Re: [RFC PATCH v4 17/21] x86/tsc: Switch to perf-based hardlockup detector if TSC become unstable

From: Stephane Eranian
Date: Thu Jun 06 2019 - 20:40:13 EST


Hi Ricardo,
Thanks for your contribution here. It is very important to move the
watchdog out of the PMU wherever possible.
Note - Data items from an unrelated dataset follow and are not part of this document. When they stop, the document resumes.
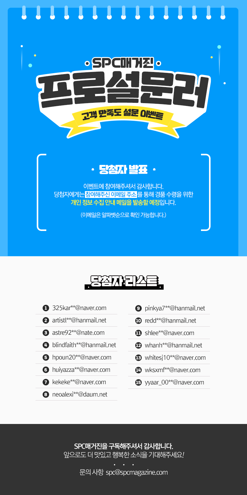 • 8월 SPC매거진 이벤트 ‘당첨자 발표’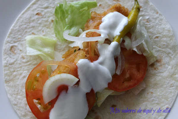 We take a flour or corn tortilla, according to taste, we put a few pieces of cod in the middle, add the vegetables and watered with our yogurt sauce and add the peppers or pickles.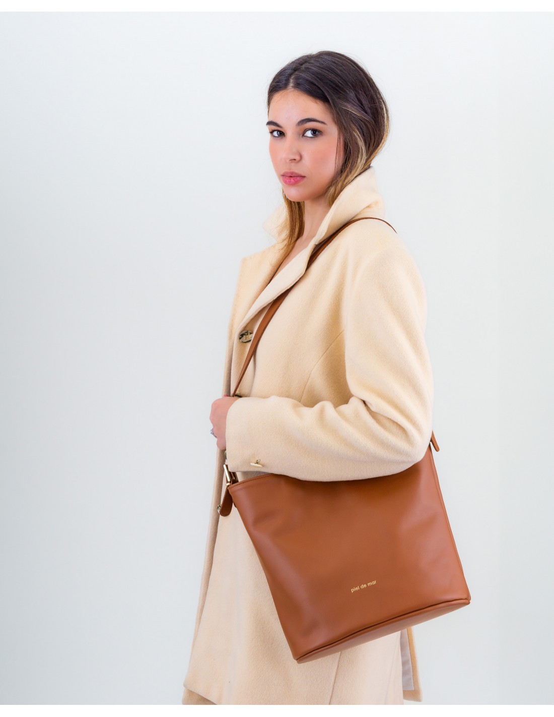 • Piel de vacuno tipo napa reciclada de la industria alimentaria y teñida con tintes vegetales, suave y ligera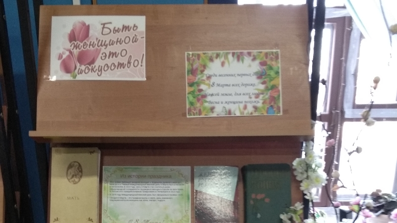 Бу датага Үзәк китапханәдә «Быть женщиной – это искусство!» тематик китап күргәзмәсе оештырылган. Укучылар игътибарына исемнәре илебез тарихына язылган төрле эпохаларның бөек хатын-кызлары язмышы, ничек ягымлы һәм элегант булып күренү, озак елларга сәламәтлекне, матурлыкны һәм эшкә сәләтлелекне ничек сакларга, ничекяхшы кәефле, мөлаем һәм сихри булып калырга икәнлеге турында сөйләүче китаплар һәм журналлар тәкъдим ителә.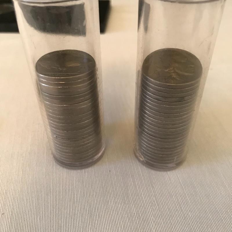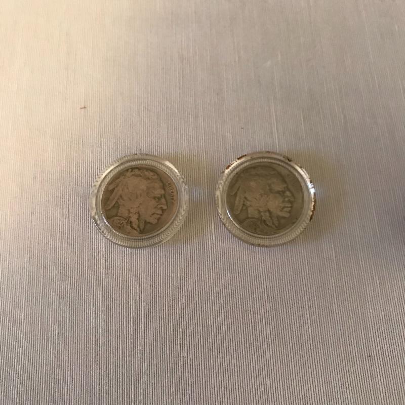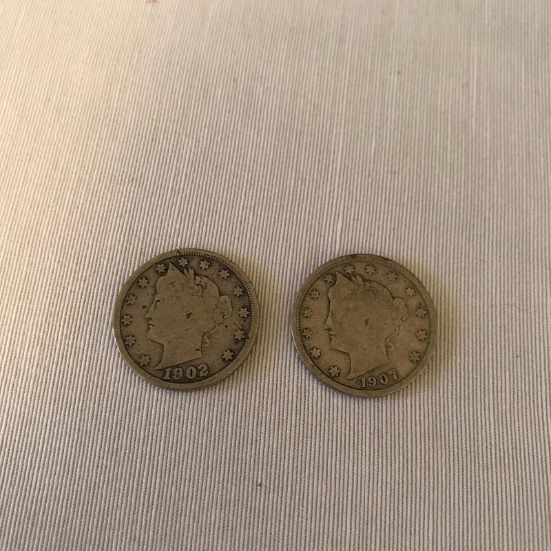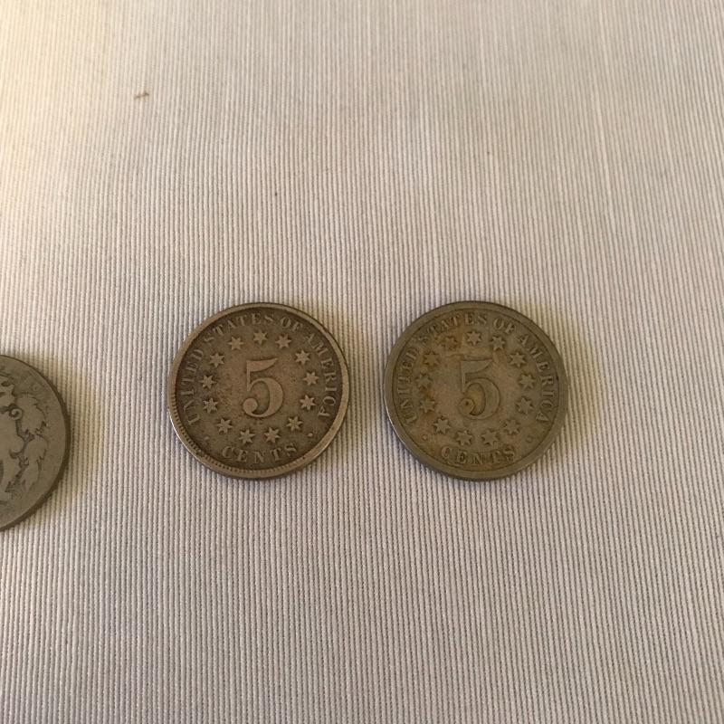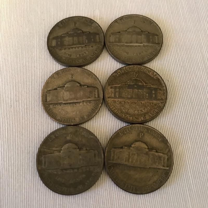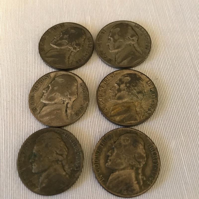 The majority of the lot are Buffalo Nickels, including one from 1918. The display of three have two 1936 and one 1937 Buffalo Nickel. Six War Time Alloy Nickels dated 1943-45. Two Liberty Head Nickels with dates 1902 and 1907. Lastly, three Shield Nickels. One’s date is unknown, one appears to be 1868 or 9 and the final one is a clear 1870.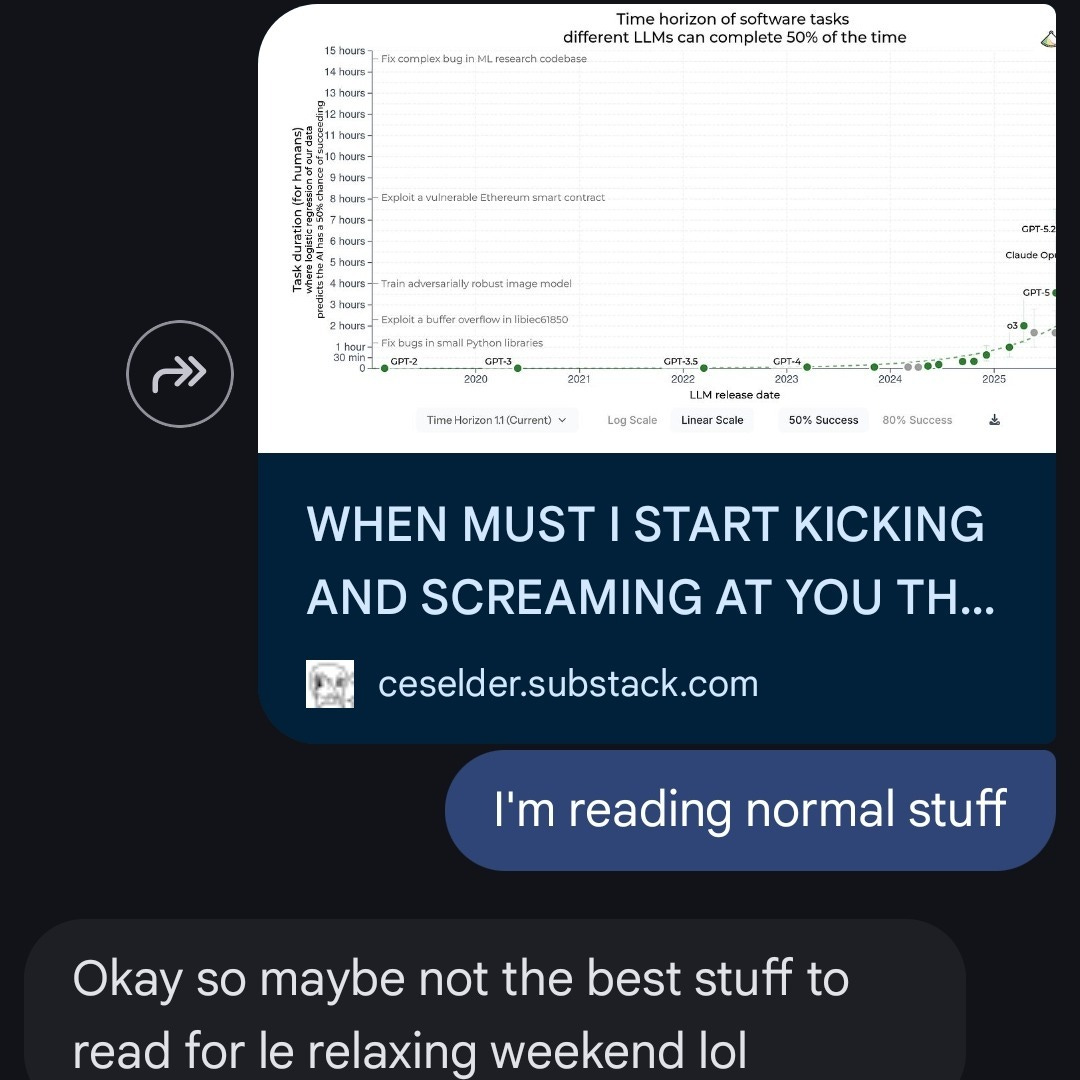 So the opportunity cost of just kind of vibing, or gaming, or whatever, feels much higher than it used to. I could play around with Claude Code, which feels kind of like a video game, and end up with an actual useful output. So why not just do that all the time? In every free moment? The obvious answer here is burnout, that rest is valuable in and of itself and directing a coding agent is tiring. So, okay, sure. Don’t do it all the time. But how much is correct, outside of work? An hour a day? Two hours a day? Fifteen minutes? There is no objective answer, and time bleeds by nonstop.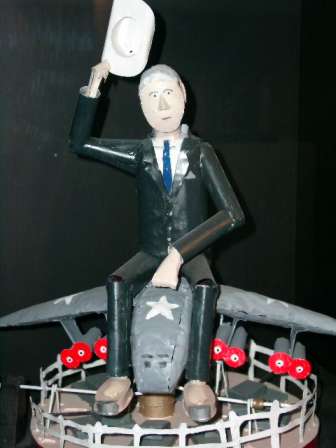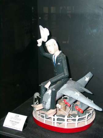 Der "Cowboy" reitet auf einem Düsenjäger, der bockt wie ein Pferd beim Rodeo. Andy Hazell (geb. 1959) lebt als Bildhauer in England und arbeitet vorzugsweise mit dünnem Blech und Draht. |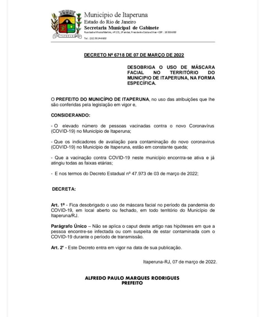 Em decreto publicado nesta segunda-feira (07), o prefeito de Itaperuna Alfredo Marques Rodrigues, passou a desobrigar o uso de máscaras faciais ou locais abertos ou fechados em todo o município. A medida já está valendo e segue decisão estadual da semana passada, que deixou a escolha a critério dos gestores municipais.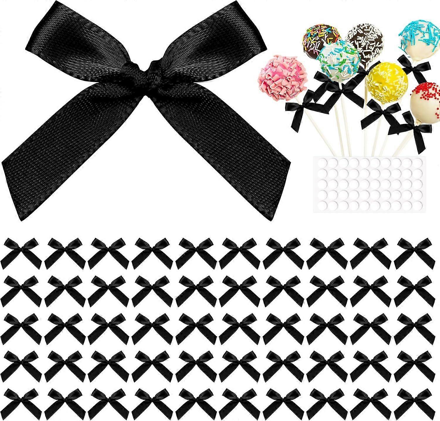 200pcs Small Craft Bows: Mini Black Satin Ribbon Bows for DIY Crafts Wedding Decorations Birthday Party Cake Toppers Scrapbooking Sewing present

On Thu, May 23, 2019 at 6:17 PM Ricardo Neri
<ricardo.neri-calderon@xxxxxxxxxxxxxxx> wrote:
>
> The HPET-based hardlockup detector relies on the TSC to determine if an
> observed NMI interrupt was originated by HPET timer. Hence, this detector
> can no longer be used with an unstable TSC.
>
> In such case, permanently stop the HPET-based hardlockup detector and
> start the perf-based detector.
>
> Signed-off-by: Ricardo Neri <ricardo.neri-calderon@xxxxxxxxxxxxxxx>
> ---
> arch/x86/include/asm/hpet.h | 2 ++
> arch/x86/kernel/tsc.c | 2 ++
> arch/x86/kernel/watchdog_hld.c | 7 +++++++
> 3 files changed, 11 insertions(+)
>
> diff --git a/arch/x86/include/asm/hpet.h b/arch/x86/include/asm/hpet.h
> index fd99f2390714..a82cbe17479d 100644
> --- a/arch/x86/include/asm/hpet.h
> +++ b/arch/x86/include/asm/hpet.h
> @@ -128,6 +128,7 @@ extern int hardlockup_detector_hpet_init(void);
> extern void hardlockup_detector_hpet_stop(void);
> extern void hardlockup_detector_hpet_enable(unsigned int cpu);
> extern void hardlockup_detector_hpet_disable(unsigned int cpu);
> +extern void hardlockup_detector_switch_to_perf(void);
> #else
> static inline struct hpet_hld_data *hpet_hardlockup_detector_assign_timer(void)
> { return NULL; }
> @@ -136,6 +137,7 @@ static inline int hardlockup_detector_hpet_init(void)
> static inline void hardlockup_detector_hpet_stop(void) {}
> static inline void hardlockup_detector_hpet_enable(unsigned int cpu) {}
> static inline void hardlockup_detector_hpet_disable(unsigned int cpu) {}
> +static void harrdlockup_detector_switch_to_perf(void) {}
> #endif /* CONFIG_X86_HARDLOCKUP_DETECTOR_HPET */
>
This does not compile for me when CONFIG_X86_HARDLOCKUP_DETECTOR_HPET
is not enabled.
because:
1- you have a typo on the function name
2- you are missing the inline keyword


> #else /* CONFIG_HPET_TIMER */
> diff --git a/arch/x86/kernel/tsc.c b/arch/x86/kernel/tsc.c
> index 59b57605e66c..b2210728ce3d 100644
> --- a/arch/x86/kernel/tsc.c
> +++ b/arch/x86/kernel/tsc.c
> @@ -1158,6 +1158,8 @@ void mark_tsc_unstable(char *reason)
>
> clocksource_mark_unstable(&clocksource_tsc_early);
> clocksource_mark_unstable(&clocksource_tsc);
> +
> + hardlockup_detector_switch_to_perf();
> }
>
> EXPORT_SYMBOL_GPL(mark_tsc_unstable);
> diff --git a/arch/x86/kernel/watchdog_hld.c b/arch/x86/kernel/watchdog_hld.c
> index c2512d4c79c5..c8547c227a41 100644
> --- a/arch/x86/kernel/watchdog_hld.c
> +++ b/arch/x86/kernel/watchdog_hld.c
> @@ -76,3 +76,10 @@ void watchdog_nmi_stop(void)
> if (detector_type == X86_HARDLOCKUP_DETECTOR_HPET)
> hardlockup_detector_hpet_stop();
> }
> +
> +void hardlockup_detector_switch_to_perf(void)
> +{
> + detector_type = X86_HARDLOCKUP_DETECTOR_PERF;
> + hardlockup_detector_hpet_stop();
> + hardlockup_start_all();
> +}
> --
> 2.17.1
>